Ch9.13: string_view and cstring_view

Overview

::fast_io::string_view and ::fast_io::cstring_view are non-owning views over character sequences. They are lightweight (pointer + size) and avoid copying. The key difference is that cstring_view guarantees null-termination.

String views have many additional operations (search, trim, compare, etc.). You can skip the details for now and return to the Appendix §9.13.1 when you need them.

1. basic_string_view

A string_view is just a pointer and a size. Use it to pass strings to functions without overhead:


#include <fast_io_dsal/string_view.h>
#include <fast_io_dsal/string.h>
#include <fast_io.h>

void greet(::fast_io::string_view name) {
    ::fast_io::io::println("Hello, ", name, "!");
}

int main() {
    ::fast_io::string str{"Alice"};
    greet(str);           // From string (implicit conversion)
    greet("Bob");         // From string literal

    // Sub-view operations
    ::fast_io::string_view sv{"Hello, World!"};
    auto prefix = sv.subview_front(5zu);  // "Hello"
    auto suffix = sv.subview_back(6zu);   // "World!"
    auto middle = sv.subview(7zu, 5zu);   // "World"

    // Trim operations
    ::fast_io::string_view padded{"  hello  "};
    auto trimmed = padded.trim_subview_c_space(); // "hello"

    // Search
    auto pos = sv.find_character('W'); // 7
    bool has = sv.contains_character('o'); // true
}

Character type variants

Alias Character Type
::fast_io::string_viewchar
::fast_io::wstring_viewwchar_t
::fast_io::u8string_viewchar8_t
::fast_io::u16string_viewchar16_t
::fast_io::u32string_viewchar32_t

2. cstring_view

::fast_io::cstring_view is a string_view with a null-termination guarantee. It can be constructed from string (which is always null-terminated) and from string literals. Use it when interfacing with C APIs:


#include <fast_io_dsal/string.h>
#include <fast_io_dsal/cstring_view.h>
#include <fast_io.h>

void c_api_wrapper(::fast_io::cstring_view csv) {
    // Safe to pass .c_str() to C functions
    // ::some_c_function(csv.c_str());
}

int main() {
    ::fast_io::string str{"Hello"};
    ::fast_io::cstring_view csv{str}; // OK: string is always null-terminated
    c_api_wrapper(csv);
}

3. Dangling string_view

string_view does not own its data. It is a pointer and a size — if the underlying buffer moves or is freed, the view becomes dangling.

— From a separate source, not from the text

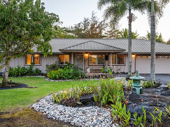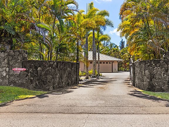 Nestled in Hawaiian Paradise Park, this thoughtfully designed 3-bedroom + office, 2.5-bath is sure to impress from the moment you arrive. Boasting exceptional curb appeal, this home greets you with a gated front rock wall entrance, a paved driveway lined with elegant palm trees, and an array of lush green landscaping.
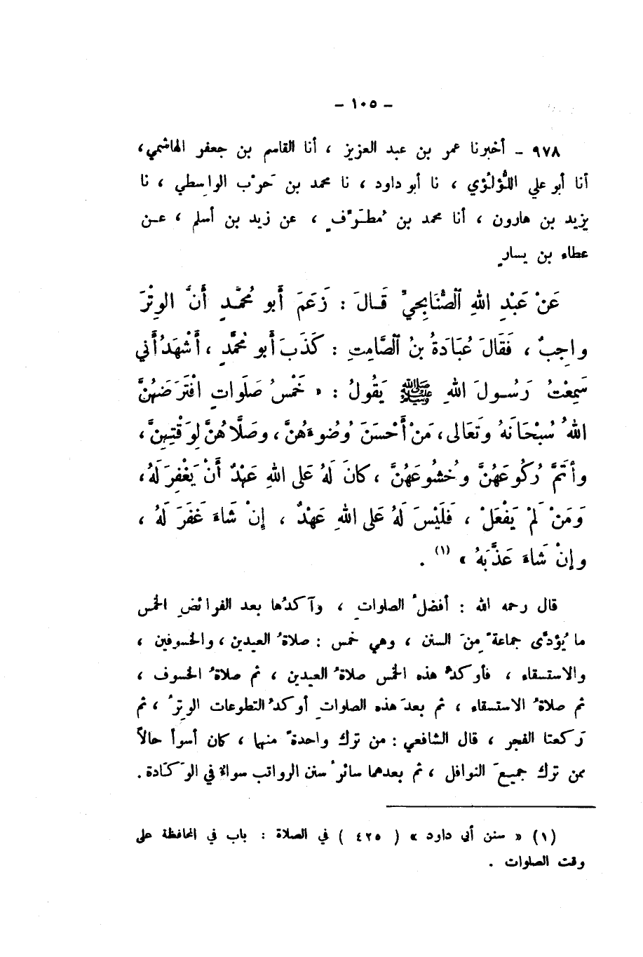 978 - أَخْبَرَنَا عُمَرُ بْنُ عَبْدِ الْعَزِيزِ، أَنا الْقَاسِمُ بْنُ جَعْفَرٍ الْهَاشِمِيُّ، أَنا أَبُو عَلِيٍّ اللُّؤْلُئِيُّ، نَا أَبُو دَاوُدَ، نَا مُحَمَّدُ بْنُ حَرْبٍ الْوَاسِطِيُّ، نَا يَزِيدُ بْنُ هَارُونَ، أَنا مُحَمَّدُ بْنُ مُطَرِّفٍ، عَنْ زَيْدِ بْنِ أَسْلَمَ، عَنْ عَطَاءِ بْنِ يَسَارٍ، عَنْ عَبْدِ اللَّهِ الصُّنَابِحِيِّ، قَالَ: زَعَمَ أَبُو مُحَمَّدٍ أَنَّ الْوِتْرَ وَاجِبٌ، فَقَالَ عُبَادَةُ بْنُ الصَّامِتِ: كَذَبَ أَبُو مُحَمَّدٍ، أَشْهَدُ أَنِّي سَمِعْتُ رَسُولَ اللَّهِ صَلَّى اللهُ عَلَيْهِ وَسَلَّمَ، يَقُولُ: «خَمْسُ صَلَوَاتٍ افْتَرَضَهُنَّ اللَّهُ سُبْحَانَهُ وَتَعَالَى، مَنْ أَحْسَنَ وُضُوءَهُنَّ، وَصَلاهُنَّ لِوَقْتِهِنَّ، وَأَتَمَّ رُكُوعَهُنَّ وَخُشُوعَهُنَّ، كَانَ لَهُ عَلَى اللَّهِ عَهْدٌ أَنْ يَغْفِرَ لَهُ، وَمَنْ لَمْ يَفْعَلْ، فَلَيْسَ لَهُ عَلَى اللَّهِ عَهْدٌ، إِنْ شَاءَ غَفَرَ لَهُ، وَإِنْ شَاءَ عَذَّبَهُ»

What is safe: no dangling from temporaries

fast_io::string_view and fast_io::span only accept lvalue references. This means you cannot accidentally create a view from a temporary — the compiler rejects it:


// This does NOT compile — string_view only binds to lvalues
::fast_io::string_view get_name() {
    ::fast_io::string temp{"hello"};
    return temp; // ERROR: cannot create string_view from a local that is about to die
}

So the classic dangling pattern from other languages is not possible here. The compiler protects you from views over destroyed objects.

What is dangerous: reallocation invalidates views

Danger: A string_view over a string becomes dangling when the string reallocates. Operations like push_back(), insert_index(), replace_index(), append(), and operator+= may trigger a reallocation, moving the buffer to new memory. Any existing string_view still points to the old (freed) buffer.

::fast_io::string s{"Hello, World!"};
::fast_io::string_view sv{s}; // sv points into s's buffer

// DANGER: this may reallocate s's internal buffer
s.append(" this is a long string that forces reallocation");

// sv is now dangling — it points to freed memory
// Reading sv is undefined behaviour

The same applies to span over vector or deque: any operation that grows the container may invalidate existing views.

Rule of thumb: do not hold a string_view (or span) across any operation that might mutate the underlying container.

To detect dangling views during testing, you can use Wasm MemTag (WebAssembly memory tagging). When compiled for Wasm with memory tagging enabled, accesses to freed memory are caught at runtime, making dangling-view bugs detectable.